Multi-layer perceptrons are in a class of machine learning models called neural networks. The term arose among early computer scientists who understood that vast numbers of highly-interconnected neurons comprised mammalian brains. They envisioned the benefits of simulating the operation of neurons in computers. Indeed, we are now seeing the power of neural networks to solve problems recently considered intractable. However, modern computer scientists do not claim that neural networks simulate brains with great fidelity.

In neural networks for machine learning, a neuron refers to a model that composes a linear combination of inputs with a nonlinear function. The logistic regression model is a simple neuron, but other nonlinear activation functions can be used for various applications. The parameters $\vec{\theta}$ are usually called the weights of the model, because the linear combination is a weighted sum of the inputs.

Neural networks can solve difficult problems with high accuracy when numerous neurons are organized in layers. The muli-layer perceptron is a simple example, having a feature layer and an output layer. Layers between the input and output are often called “hidden layers.” With notable exceptions, each layer generates output from values in the previous layer.
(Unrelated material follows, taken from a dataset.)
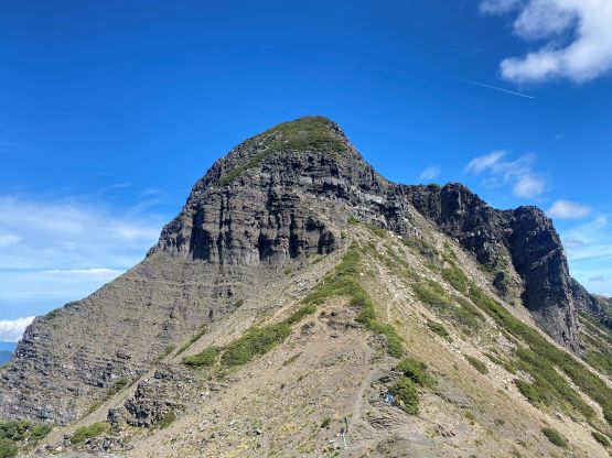 Descending the east peak with the main peak ahead

Such networks are therefore called “feedforward neural networks.”

The number of layers, the number of neurons in each layer, and the choice of nonlinear functions are all hyperparameters of a neural network and comprise its architecture or topology.

The process of calculating the output of a neural network from a given input is frequently called forward propagation, because calculations flow forward from the inputs, through intermediate layers, to the output.

The process of adjusting the parameters during training is frequently called backward propagation or “backprop,” because calculations can be envisioned to start with differences between the model output and the training output, and then flow backward.

Neural networks with three or more layers are called “deep neural networks.” They were time consuming to study and train before the advent of modern computers and fast linear algebra libraries, because of the large number of calculations involved. However, it is deep neural networks that have spawned resurgent interest in artificial intelligence by their ability to solve computer vision, speech recognition and other types of problems.